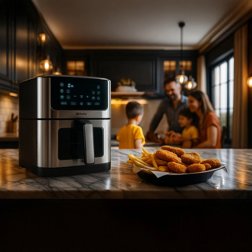 De Ruhhy friteuse biedt veilig frituren zonder olie, waardoor je favoriete gerechten gezonder kunt bereiden zonder aan smaak in te boeten. Het anti-aanbakoppervlak maakt schoonmaken eenvoudig en het moderne design past perfect in je keuken.
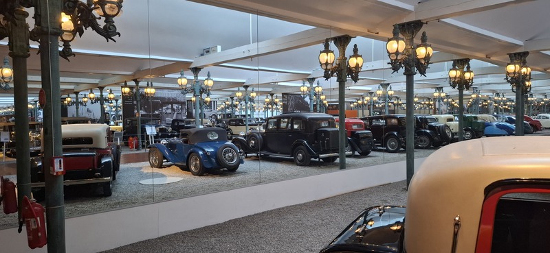 Das Herzstück bildet die große Halle mit einer Vielzahl klassischer Automobile, wie man sie aus Stummfilmzeiten kennt. Doch auch das Ambiente ist mehr als ein bloßer Rahmen: die historischen Laternen, die Scheddachkonstruktion, der feine Kiesboden und der verblüffende Kunstgriff einer verspiegelten Wand, welche der Szenerie eine beinahe magische Tiefe verleiht.
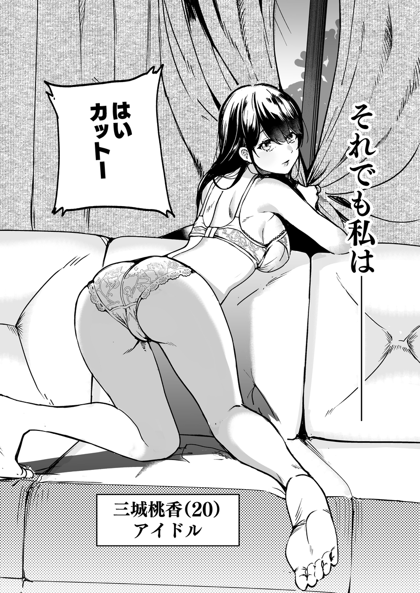 作品名『崖っぷちアイドル、初めてのグラビア撮影で絶頂!?〜水着の中までマッサージされるなんて聞いてません!〜』作者名『えちち工房(ababari)』
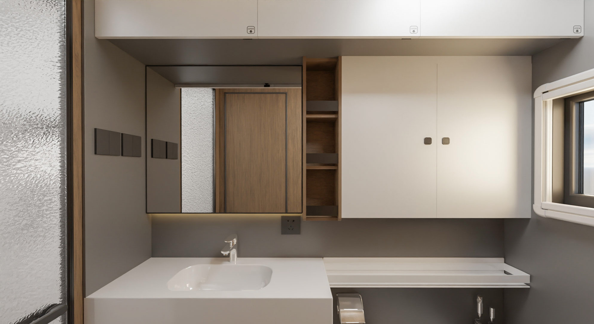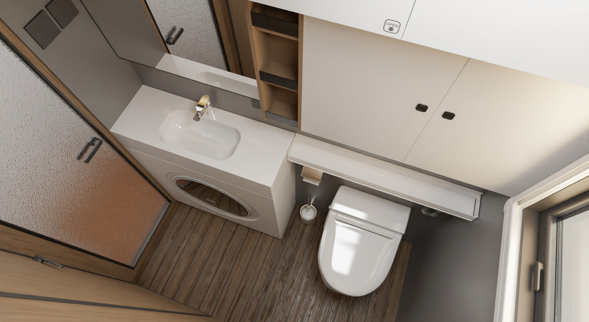 | 卫浴系统 | ■ 干湿分离浴室卫生间 ■ 房车专用进口赛特福德马桶 ■ 德国汉斯格雅浴室花洒 ■ WINIA壁挂洗烘一体洗衣机 ■ 化妆镜 ■ 洗手盆 ■ 进口多美达专用房车排气扇 |

☆ ☆ ☆ ☆

All of the material should be reproduced exactly, apart from the pictures.

 De Ruhhy friteuse biedt veilig frituren zonder olie, waardoor je favoriete gerechten gezonder kunt bereiden zonder aan smaak in te boeten. Het anti-aanbakoppervlak maakt schoonmaken eenvoudig en het moderne design past perfect in je keuken.
 Das Herzstück bildet die große Halle mit einer Vielzahl klassischer Automobile, wie man sie aus Stummfilmzeiten kennt. Doch auch das Ambiente ist mehr als ein bloßer Rahmen: die historischen Laternen, die Scheddachkonstruktion, der feine Kiesboden und der verblüffende Kunstgriff einer verspiegelten Wand, welche der Szenerie eine beinahe magische Tiefe verleiht.
 作品名『崖っぷちアイドル、初めてのグラビア撮影で絶頂!?〜水着の中までマッサージされるなんて聞いてません!〜』作者名『えちち工房(ababari)』
 | 卫浴系统 | ■ 干湿分离浴室卫生间 ■ 房车专用进口赛特福德马桶 ■ 德国汉斯格雅浴室花洒 ■ WINIA壁挂洗烘一体洗衣机 ■ 化妆镜 ■ 洗手盆 ■ 进口多美达专用房车排气扇 |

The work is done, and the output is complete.